Grabowski and others were interviewed earlier this week, before Apple announced late Wednesday that it would hold a news conference Friday at 10 a.m. PT, 1 p.m. ET, at its Cupertino, Calif. headquarters. The company has said the quickly-called conference -- a major departure from its usual practice -- would be about the iPhone 4, but has provided no additional details.
Analysts have assumed that Apple will use the event to address the iPhone 4's antenna and reception issues.
Complaints about the iPhone 4's reception surfaced within hours of its June 24 launch, as buyers griped that touching the external antenna -- embedded in a steel band that encircles the case -- often dropped calls or caused the signal strength indicator to plummet. Apple quickly acknowledged that holding the iPhone 4 could weaken the signal, but told consumers to hold their phones differently, or buy a case. A week later, the company claimed that the iPhone 4's signal formula was flawed and promised to update the software .
"Apple's correctly assumed that existing iPhone owners and Apple devotees are mostly unfazed by this," said Grabowski, "but it's the potential buyers it should be worrying about.

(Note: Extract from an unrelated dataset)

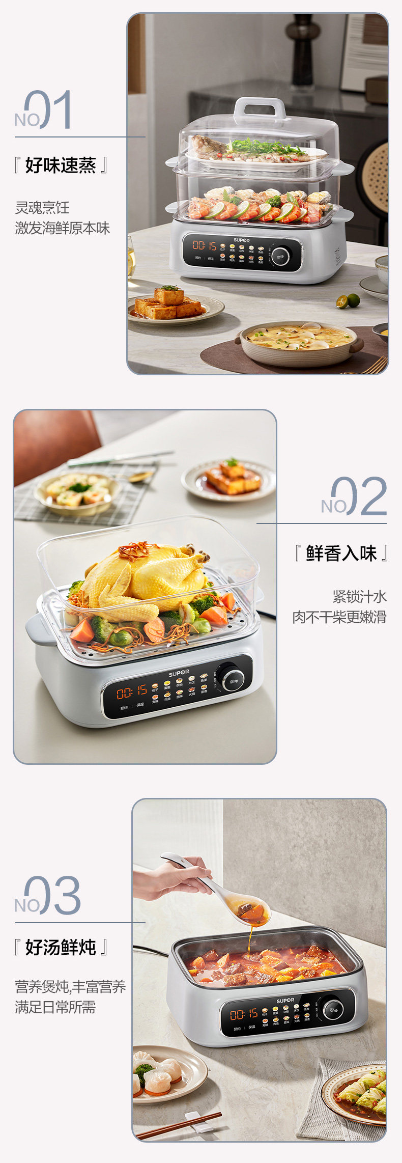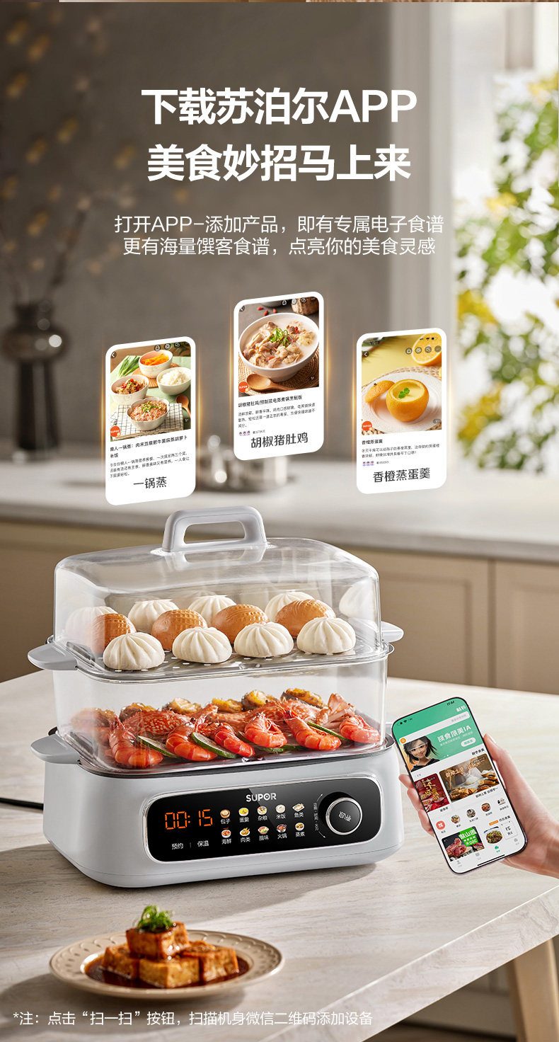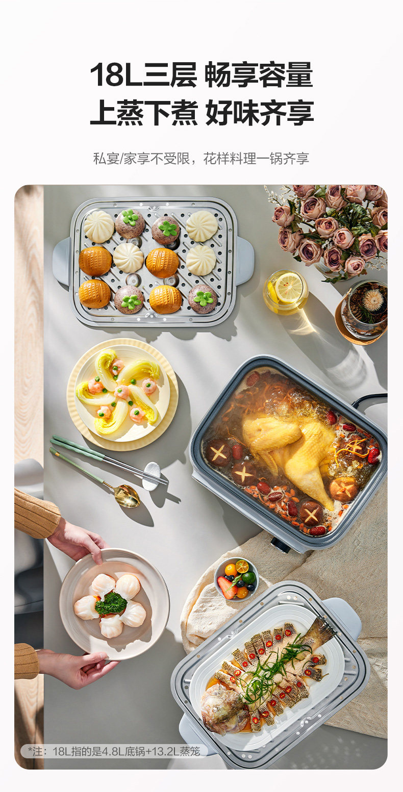 Supor Electric Steamer Multifunctional Household Three-Layer 2024 New Model Steaming Basket for Cooking and Stewing Multifunctional All-In-One Pot Genuine Product

With these complaints, people who aren't yet iPhone owners won't want to buy one until they resolve this."
And the clock is ticking, Grabowski said Tuesday in an interview with Computerworld. "It's still fixable," he said. "Apple has such a strong brand reputation and so many resources. There's still time. I don't think we're at the point of no return yet, but we're getting very close to it."
Other experts said Apple's problem isn't that big of a deal.

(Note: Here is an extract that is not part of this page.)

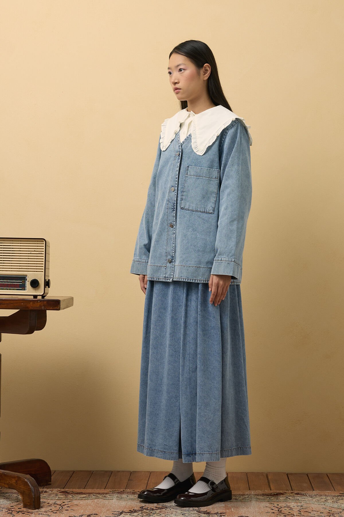 Bu muhteşem kot piliseli korsaj etek, şıklığı ve rahatlığı bir arada sunar.

"I think this has been made into a mountain from a molehill," said Jim Lukaszewski of The Lukaszewski Group, a crisis management consultancy. "Apple is a brand we trust, and consumers are hungry to buy its products whether they work or not. People will buy Apple's products until the cows come home."
Both Grabowski and Lukaszewski said that if Apple was their client, they would urge the company to come clean on the iPhone's antenna and reception problems, then give away free Bumper cases, or sell them at steep discount to all iPhone 4 owners.
"Apple should consider the problem as real, then offer cases at no-cost or low-cost," said Grabowski. "That would address most of the problems. They need to make a grand gesture that shows the company does care about its customers."
Grabowski also recommended that Apple be more transparent in its messages to consumers, something the company has traditionally resisted. Even among technology companies that typically play things close to the vest, Apple is notorious for its secrecy.
"They have to show some responsiveness on this," Grabowski said.
Lukaszewski agreed that Apple could most easily reverse the negative publicity over the iPhone 4 failings by giving away cases. But a full product recall, which some have speculated might be the only way to appease consumers, is "totally silly, totally out there," Lukaszewski said.
"Apple does know how to solve problems," said Lukaszewski. "They've faced things like this before, but this one is really public. I think a greater concern customers should have is the lack of service by AT&T."
Apple met its previous most-notable iPhone public relations problem in 2007 when, less than two months after the introduction of the original model, CEO Steve Jobs announced a US$200 price cut for the 8GB iPhone. Consumers who had already purchased the iPhone at the original $599 price were outraged, and flooded Apple's support forum with angry messages.
The next day, Jobs said that Apple would give a $100 credit to the company's online store to all current iPhone owners, and also acknowledged Apple's mistake. "We need to do a better job taking care of our early iPhone customers as we aggressively go after new ones with a lower price," Jobs said in an letter dated Sept. 6, 2007. "Our early customers trusted us, and we must live up to that trust with our actions in moments like these."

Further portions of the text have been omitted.